Could you set down the listing below exactly and omit its images?

DATASET SECTION
********

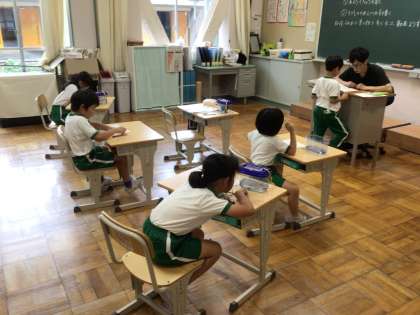 2年生は、生活科の学習で、先週の探検で見つけた川の生き物の様子を観察して、絵や文にまとめていました。じーっと生き物の動きを観察している子もいました。
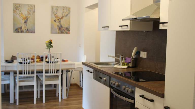 Die Ferienwohnung umfasst zwei Schlafzimmer sowie ein Wohnzimmer mit einem Flachbild-TV, der Satellitenkanäle empfängt. Des Weiteren gibt es eine voll ausgestattete Küchenzeile mit Kühlschrank und Geschirrspüler sowie ein Badezimmer mit Dusche. Handtücher und Bettwäsche werden zur Verfügung gestellt.
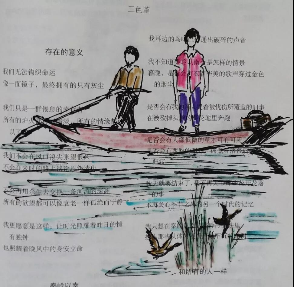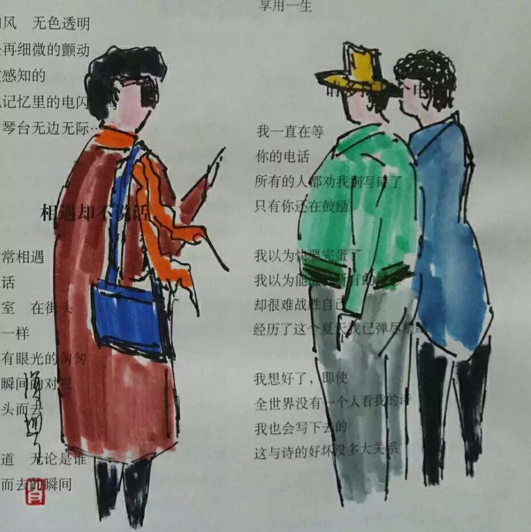 中國文人畫本來就講究題詩和題句,讓畫與詩互文。好的詩文會給畫以象外之意。詩刊上這些詩句和詩題,幫我這些無聊的畫點綴出新鮮一些的生趣。這樣意外的發現,讓我自鳴得意,在詩刊上畫畫的勁頭更多更濃。在我家所有的刊物中,詩刊是被利用得最充分的,也成為我最喜歡隨身攜帶的速寫本。

********

COMPLETED EXERCISE
 2年生は、生活科の学習で、先週の探検で見つけた川の生き物の様子を観察して、絵や文にまとめていました。じーっと生き物の動きを観察している子もいました。
 Die Ferienwohnung umfasst zwei Schlafzimmer sowie ein Wohnzimmer mit einem Flachbild-TV, der Satellitenkanäle empfängt. Des Weiteren gibt es eine voll ausgestattete Küchenzeile mit Kühlschrank und Geschirrspüler sowie ein Badezimmer mit Dusche. Handtücher und Bettwäsche werden zur Verfügung gestellt.
 中國文人畫本來就講究題詩和題句,讓畫與詩互文。好的詩文會給畫以象外之意。詩刊上這些詩句和詩題,幫我這些無聊的畫點綴出新鮮一些的生趣。這樣意外的發現,讓我自鳴得意,在詩刊上畫畫的勁頭更多更濃。在我家所有的刊物中,詩刊是被利用得最充分的,也成為我最喜歡隨身攜帶的速寫本。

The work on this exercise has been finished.